13th International Workshop on Principles of Diagnosis (DX-2002)

Invited Talks

  • Hypergraph Decomposition for solving finite-domain CSPs and related Problems [PDF, Powerpoint]
    Georg Gottlob (Vienna University of Technology)

    Abstract. The structure of a CSP (and of related problems such as e.g. conjunctive database queries is best described by a hypergraph. It is well-known that in case this hypergraph is acyclic, the CSP can be solved efficiently. In this talk various methods of generalizing the notion of hypergraph acyclicity will be discussed. In particular, we will introduce the audience into the method of "Hypertree Decompositions" developed at TU Wien. Hypergraph decomposition methods can be used, in particular, to simplify diagnostic problems.
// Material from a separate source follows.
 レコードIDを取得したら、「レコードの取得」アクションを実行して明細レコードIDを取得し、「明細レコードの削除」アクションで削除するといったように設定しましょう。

  • The Search for Satisfaction [PDF, Powerpoint]
    Toby Walsh (Cork Constraint Computation Center)

    Abstract. In recent years, there has been an explosion of research in AI into propositional satisfiability (or SAT). There are many factors behind the increased interest in this area. One factor is the improvement in search procedures for SAT. New local search procedures are able to solve SAT problems with thousands of variables. At the same time, implementations of complete search algorithms like Davis-Putnam have been able to solve open mathematical problems. Another factor is the identification of hard SAT problems at a phase transition in solubility. A third factor is the demonstration that we can often solve real world problems by encoding them into SAT. This talk reviews the state of the art for research into satisfiability , and discuss applications like model checking in which algorithms for satisfiability have proved successful.
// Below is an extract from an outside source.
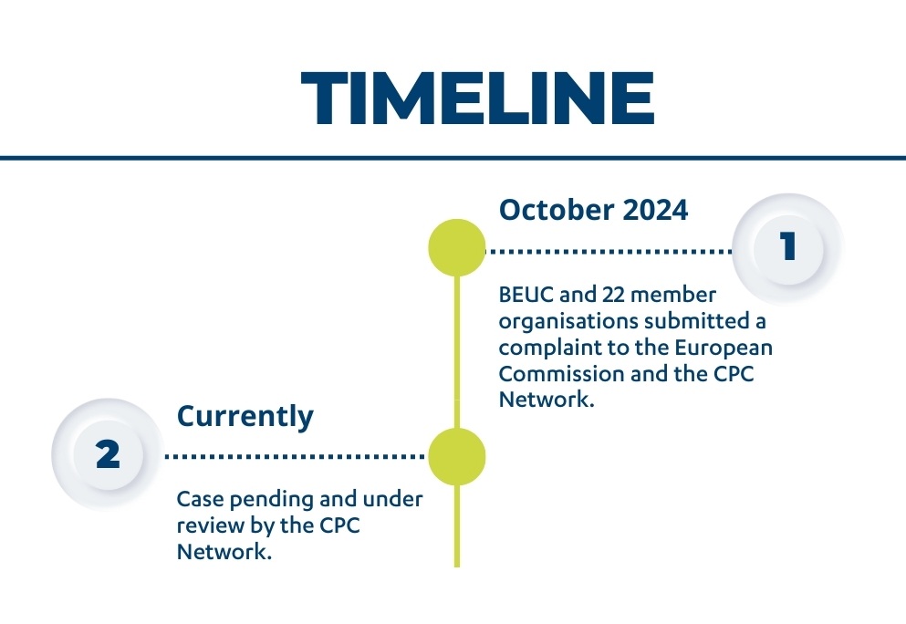 This alert to the CPC-Network and the European Commission is coordinated by BEUC together with 22 members representing 17 European countries, namely Testachats / Testaankoop (Belgium), Bulgarian National Consumers Association (BNAAC) (Bulgaria); Kypriakos Syndesmos Katanaloton – CCA (Cyprus); Forbrugerrådet Tænk, (Denmark); CLCV and UFC-Que Choisir (France); Kuluttajaliitto ry (Finland); vzbv (Germany), EKPIZO and KEPKA (Greece); Adiconsum and Altroconsumo (Italy), Consumentenbond (the Netherlands); Forbrukerrådet (Norway); Federacja Konsumentow - FK (Poland); DECO (Portugal), Spoločnosť ochrany spotrebiteľov (S.O.S.) Poprad (Slovakia) ; Sveriges Konsumenter (Sweden); ASUFIN, CECU and OCU (Spain); Fédération romande des consommateurs – FRC (Switzerland).

  • Why does my program fail? (Wotawa)
    Isolating failure causes automatically [PDF]
    Andreas Zeller (Saarland University)

    Abstract. Every programmer has seen this before: A program does not run as it is supposed to be. To fix the failure, one must narrow down the possible failure causes. This narrowing is typically a manual task, dependent on the skill and the endurance of the programmer. In this talk, we shall present some techniques that widely automate the quest for failure causes. Based on a simple trial-and-error process and an automated test, it is fairly simple to isolate external failure causes like input, code differences, or thread schedules. Advanced techniques can even isolate causes and effects within the program run: "First, variable x_1 had a value of x_1, thus v_2 became x_2, thus v_3 was set to x_3 ... and thus the program failed". Case studies on real programs with real bugs, from Mozilla to the GNU C compiler, demonstrate the practical feasability of these experimental approaches.